**WORK INSTRUCTIONS**
Transcribe, exactly and without pictures, the lines below from the line with "Free energy profiles" to the line with "достигло 9 310.", both ends included, and no others.

**INFORMATION SHOWN**

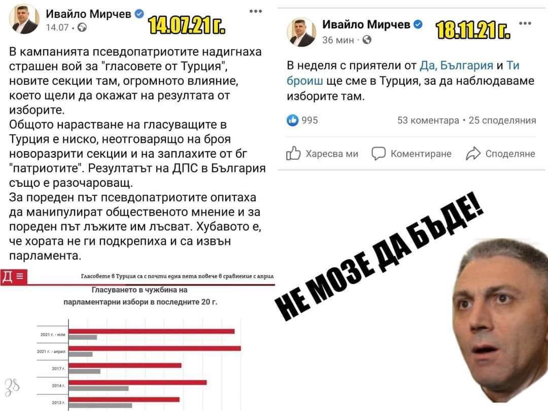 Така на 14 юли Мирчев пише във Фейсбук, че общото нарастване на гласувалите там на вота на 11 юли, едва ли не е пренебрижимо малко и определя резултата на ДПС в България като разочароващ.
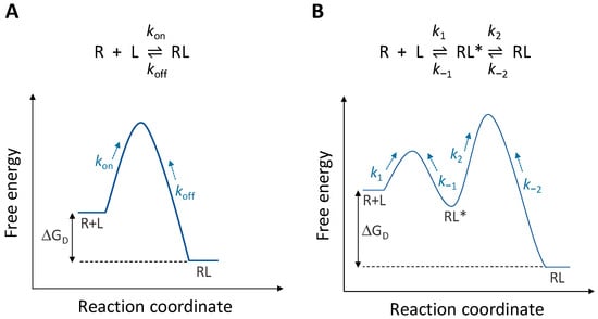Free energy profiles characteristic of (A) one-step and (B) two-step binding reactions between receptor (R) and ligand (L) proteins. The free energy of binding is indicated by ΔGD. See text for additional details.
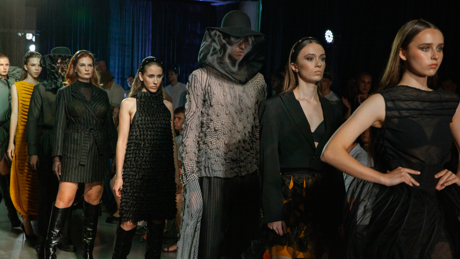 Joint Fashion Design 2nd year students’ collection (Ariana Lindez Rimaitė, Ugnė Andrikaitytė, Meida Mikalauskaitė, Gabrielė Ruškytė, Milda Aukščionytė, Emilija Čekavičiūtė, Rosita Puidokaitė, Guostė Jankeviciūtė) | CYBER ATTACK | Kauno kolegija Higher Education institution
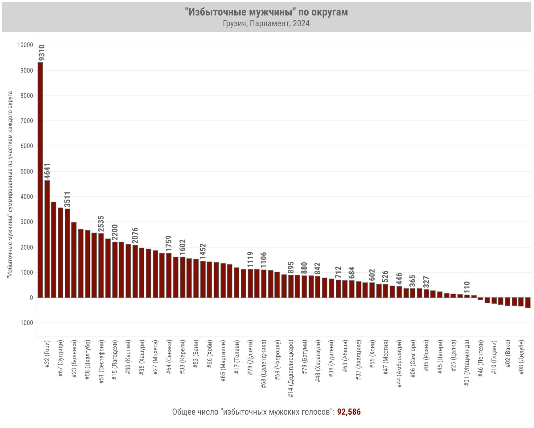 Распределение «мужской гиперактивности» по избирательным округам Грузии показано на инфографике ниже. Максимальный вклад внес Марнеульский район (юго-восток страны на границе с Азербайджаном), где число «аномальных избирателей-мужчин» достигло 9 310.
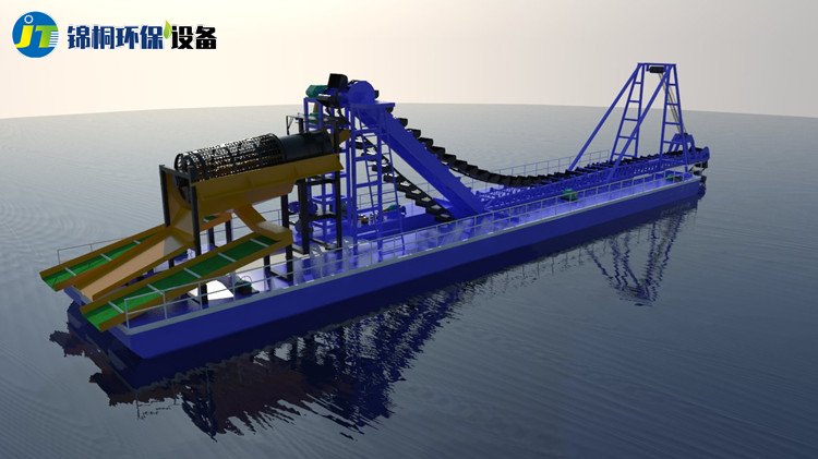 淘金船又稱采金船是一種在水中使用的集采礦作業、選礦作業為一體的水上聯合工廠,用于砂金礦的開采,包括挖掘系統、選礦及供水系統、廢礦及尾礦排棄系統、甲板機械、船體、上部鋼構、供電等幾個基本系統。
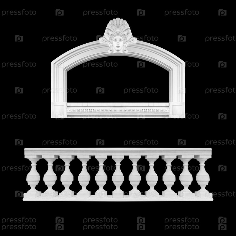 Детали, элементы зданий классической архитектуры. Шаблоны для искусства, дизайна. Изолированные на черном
* * *
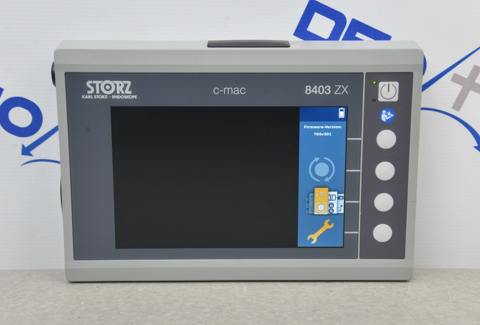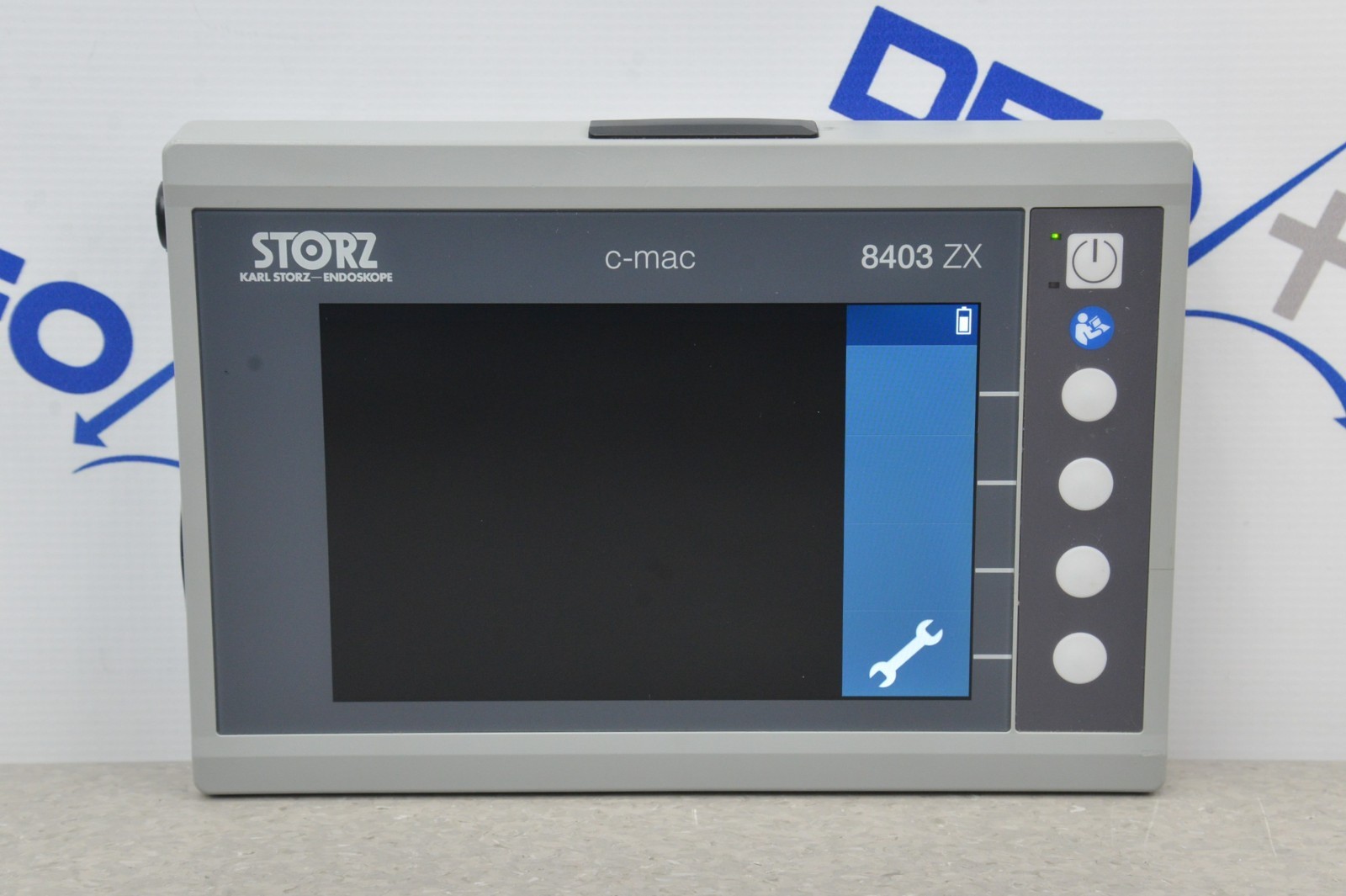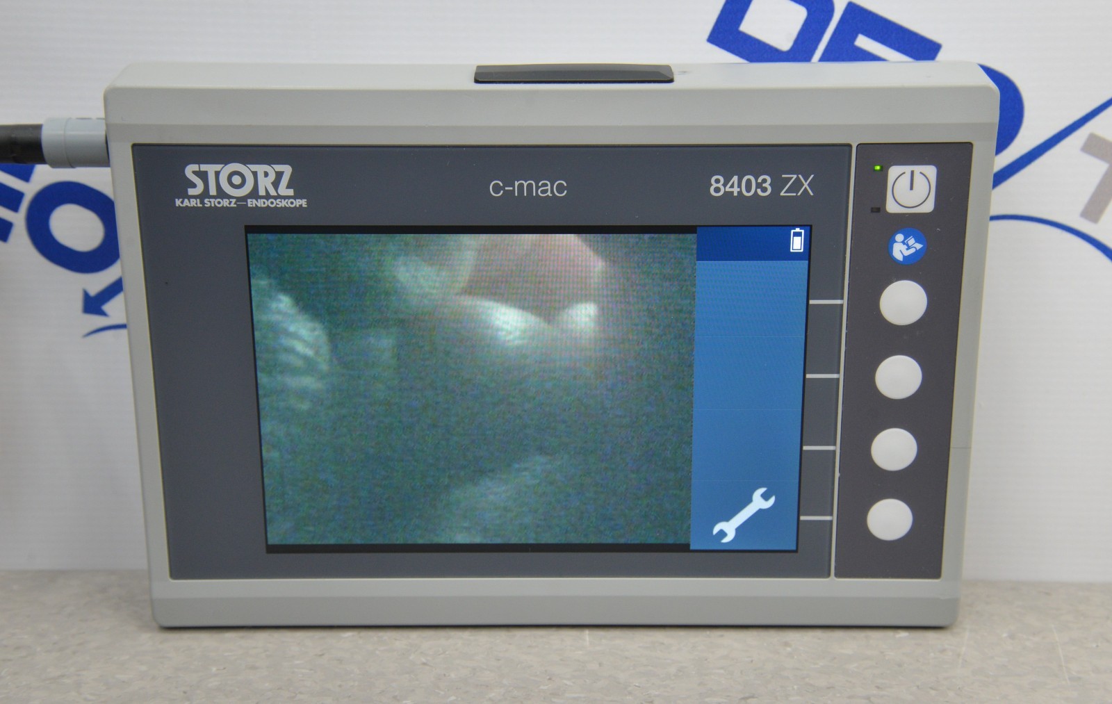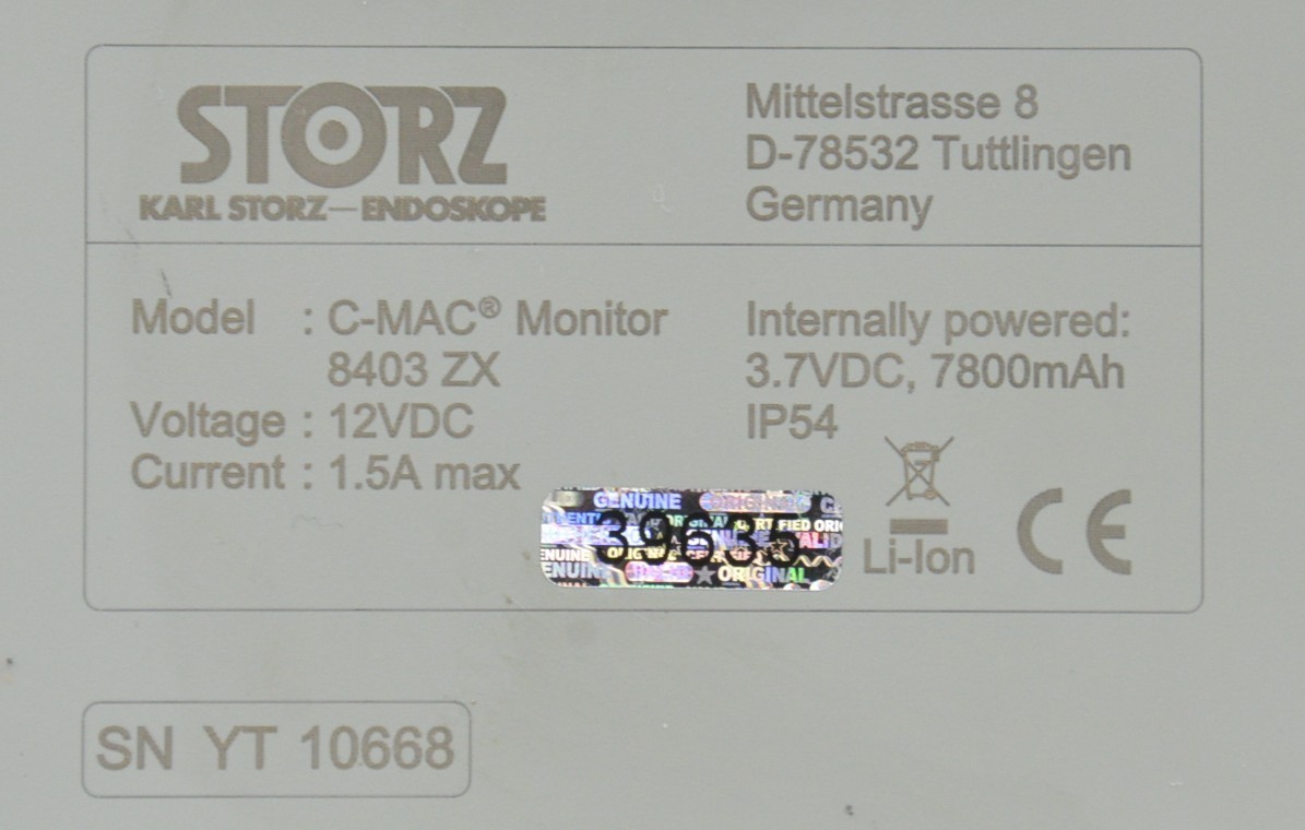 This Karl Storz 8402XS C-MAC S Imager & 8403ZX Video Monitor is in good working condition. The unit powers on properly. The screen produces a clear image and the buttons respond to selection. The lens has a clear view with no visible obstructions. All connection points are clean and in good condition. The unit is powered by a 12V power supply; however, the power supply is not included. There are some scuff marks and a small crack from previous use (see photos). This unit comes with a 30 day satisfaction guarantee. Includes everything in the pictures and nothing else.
==
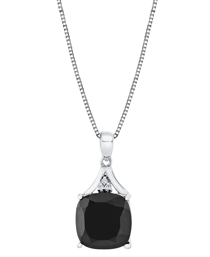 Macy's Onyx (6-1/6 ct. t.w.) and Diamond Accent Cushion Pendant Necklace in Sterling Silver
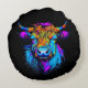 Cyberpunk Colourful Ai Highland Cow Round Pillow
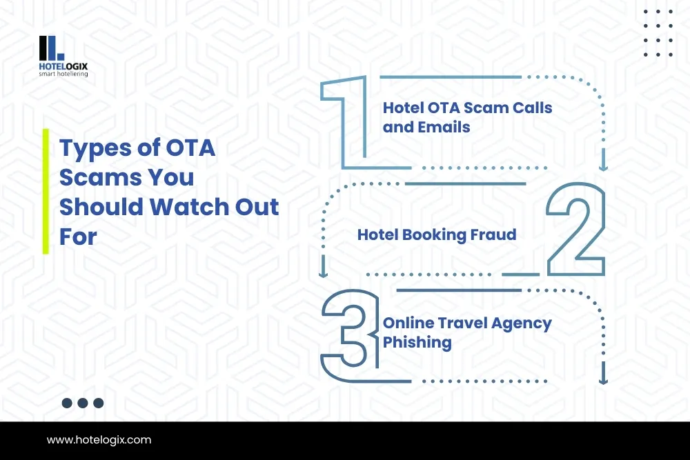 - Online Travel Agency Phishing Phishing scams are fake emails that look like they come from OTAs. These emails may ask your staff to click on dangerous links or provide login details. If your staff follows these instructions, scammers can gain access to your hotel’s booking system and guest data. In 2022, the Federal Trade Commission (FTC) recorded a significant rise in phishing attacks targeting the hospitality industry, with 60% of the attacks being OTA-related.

**WRITTEN SOLUTION**
Free energy profiles characteristic of (A) one-step and (B) two-step binding reactions between receptor (R) and ligand (L) proteins. The free energy of binding is indicated by ΔGD. See text for additional details.
 Joint Fashion Design 2nd year students’ collection (Ariana Lindez Rimaitė, Ugnė Andrikaitytė, Meida Mikalauskaitė, Gabrielė Ruškytė, Milda Aukščionytė, Emilija Čekavičiūtė, Rosita Puidokaitė, Guostė Jankeviciūtė) | CYBER ATTACK | Kauno kolegija Higher Education institution
 Распределение «мужской гиперактивности» по избирательным округам Грузии показано на инфографике ниже. Максимальный вклад внес Марнеульский район (юго-восток страны на границе с Азербайджаном), где число «аномальных избирателей-мужчин» достигло 9 310.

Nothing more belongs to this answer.